Sekretaris Jenderal Aliansi Petani Indonesia (API), Nur Uddin mempertanyakan sektor perbenihan, pangan, dan pertanian Indonesia. Menurut dia pemerintah perlu mengatur PRG dan mengedepankan kepentingan petani.
“Padahal benih-benih yang dihasilkan perusahaan multinasional cukup diraguka kemanan ekosistem dan kesehatannya” kata dia
Direktur Pembinaan Jaringan Kerja Antar Komisi dan Instansi (PJKAKI) KPK, Sujanarko memprihatinkan realita kondisi perbenihan tersebut. Di mana menurut dia pemerintah seperti sengaja dibuat bergantung pada benih hasil industri.
“Penguasaan benih, pertanian, dan pangan dominan di tangan industri adalah yang akan melanggengkan praktik mafia pangan dan pertanian, kemiskinan petani dan ekonomi berbiaya tinggi. Dan ini adalah praktik korupsi sistematis yang sesungguhnya,” kata Sujanarko.
Untuk itu pihaknya siap bekerja sama dengan elemen pemerintah dan masyarakat. Hal itu untuk membenahi regulasi agar perbenihan dan pertanian di Indonesia dapat mencapai tujuan terhadap kesejahteraan secara umum sesuai amanat konstitusi.
Ketua Umum Serikat Petani Indonesia Henry Saragih menyampaikan sejauh ini Indonesia memang belum mempunyai Peta Jalan Perbenihan yang memastikan petani pemulia kita berinovasi mengembangkan benih-benih unggul.
“Kalau kita punya petanya, kita tidak tergantung pada benih-benih yang diproduksi oleh korporasi” ujar Henry.
Dalam hal ini pemerintah Indonesia, kata dia, juga memiliki kewajiban untuk melindungi petani terkait proses budidaya dan pemuliaan benih yang dilakukannya sebagai bagian dari hak asasi petani.

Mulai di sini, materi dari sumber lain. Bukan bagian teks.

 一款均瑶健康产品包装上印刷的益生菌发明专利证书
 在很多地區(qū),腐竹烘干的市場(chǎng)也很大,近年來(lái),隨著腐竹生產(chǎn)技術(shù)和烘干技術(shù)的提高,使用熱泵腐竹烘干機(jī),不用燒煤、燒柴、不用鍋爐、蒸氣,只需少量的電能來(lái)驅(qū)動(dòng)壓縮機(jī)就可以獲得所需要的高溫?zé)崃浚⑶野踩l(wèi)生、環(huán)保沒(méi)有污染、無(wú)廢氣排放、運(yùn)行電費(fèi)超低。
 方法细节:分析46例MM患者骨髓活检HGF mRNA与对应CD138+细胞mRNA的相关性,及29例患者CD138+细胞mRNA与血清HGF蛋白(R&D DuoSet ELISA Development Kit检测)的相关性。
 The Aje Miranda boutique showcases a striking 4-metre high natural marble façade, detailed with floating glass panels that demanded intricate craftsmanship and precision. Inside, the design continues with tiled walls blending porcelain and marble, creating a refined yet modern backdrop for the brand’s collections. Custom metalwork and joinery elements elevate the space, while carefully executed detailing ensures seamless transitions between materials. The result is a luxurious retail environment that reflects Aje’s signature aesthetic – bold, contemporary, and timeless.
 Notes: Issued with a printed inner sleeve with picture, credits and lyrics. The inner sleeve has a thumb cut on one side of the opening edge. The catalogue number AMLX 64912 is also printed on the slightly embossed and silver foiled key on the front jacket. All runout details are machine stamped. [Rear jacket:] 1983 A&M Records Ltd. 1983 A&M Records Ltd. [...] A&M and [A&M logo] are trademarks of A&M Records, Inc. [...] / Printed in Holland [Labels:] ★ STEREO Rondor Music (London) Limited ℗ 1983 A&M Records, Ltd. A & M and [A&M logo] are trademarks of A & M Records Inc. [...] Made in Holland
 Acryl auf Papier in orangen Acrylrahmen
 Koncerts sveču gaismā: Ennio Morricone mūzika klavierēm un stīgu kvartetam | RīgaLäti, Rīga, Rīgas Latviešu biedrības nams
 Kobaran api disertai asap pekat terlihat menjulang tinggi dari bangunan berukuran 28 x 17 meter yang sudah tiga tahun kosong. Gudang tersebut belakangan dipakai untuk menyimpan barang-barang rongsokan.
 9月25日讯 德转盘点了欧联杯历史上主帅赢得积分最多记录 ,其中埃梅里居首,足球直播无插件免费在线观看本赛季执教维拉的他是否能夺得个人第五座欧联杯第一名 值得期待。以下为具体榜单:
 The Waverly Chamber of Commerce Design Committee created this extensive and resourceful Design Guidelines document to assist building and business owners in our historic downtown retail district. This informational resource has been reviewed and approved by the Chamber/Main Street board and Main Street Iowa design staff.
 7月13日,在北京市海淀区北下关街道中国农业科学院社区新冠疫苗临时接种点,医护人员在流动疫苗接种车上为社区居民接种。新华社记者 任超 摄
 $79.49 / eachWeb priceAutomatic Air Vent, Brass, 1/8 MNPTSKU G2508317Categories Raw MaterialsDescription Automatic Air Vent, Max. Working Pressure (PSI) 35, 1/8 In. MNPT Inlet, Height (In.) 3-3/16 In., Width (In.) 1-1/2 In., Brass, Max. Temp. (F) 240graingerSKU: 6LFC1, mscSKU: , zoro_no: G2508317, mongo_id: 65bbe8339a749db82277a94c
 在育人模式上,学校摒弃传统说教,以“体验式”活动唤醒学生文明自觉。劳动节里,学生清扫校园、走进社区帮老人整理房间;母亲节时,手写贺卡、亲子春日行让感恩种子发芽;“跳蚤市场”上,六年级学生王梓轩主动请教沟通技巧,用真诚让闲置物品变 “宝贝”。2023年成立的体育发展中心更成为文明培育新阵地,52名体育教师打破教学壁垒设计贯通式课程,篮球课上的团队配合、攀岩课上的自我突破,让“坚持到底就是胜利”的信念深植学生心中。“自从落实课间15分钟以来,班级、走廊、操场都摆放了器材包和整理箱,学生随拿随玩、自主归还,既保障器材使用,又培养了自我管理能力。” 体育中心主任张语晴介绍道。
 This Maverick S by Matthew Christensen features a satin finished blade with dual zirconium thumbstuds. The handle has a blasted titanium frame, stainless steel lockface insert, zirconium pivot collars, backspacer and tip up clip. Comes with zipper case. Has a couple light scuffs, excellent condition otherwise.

Hal ini juga sesuai dengan isi dari Deklarasi PBB tentang Hak Asasi Petani dan Orang-Orang yang Bekerja di Pedesaan’ (UNDROP) dalam pasal 19 mengenai hak petani atas benih beserta kebebasan untuk memuliakan, penyimpanan, penggunaan, pertukaran, dan penjualan benih.
Henry juga mengajak organisasi massa petani, lembaga Swadaya Masyarakat, dan seluruh kekuatan rakyat di Indonesia untuk menyoroti kemungkinan munculnya peraturan-peraturan yang membahayakan pelanggaran atas hak asasi petani.
Secara khusus, SPI menyoroti rencana DPR-RI untuk mengesahkan Rancangan Undang-Undang (RUU) tentang Sistem Budidaya Pertanian Berkelanjutan, yang dinilai justru mempersulit petani untuk berinovasi dan mengembangkan hasil produksinya.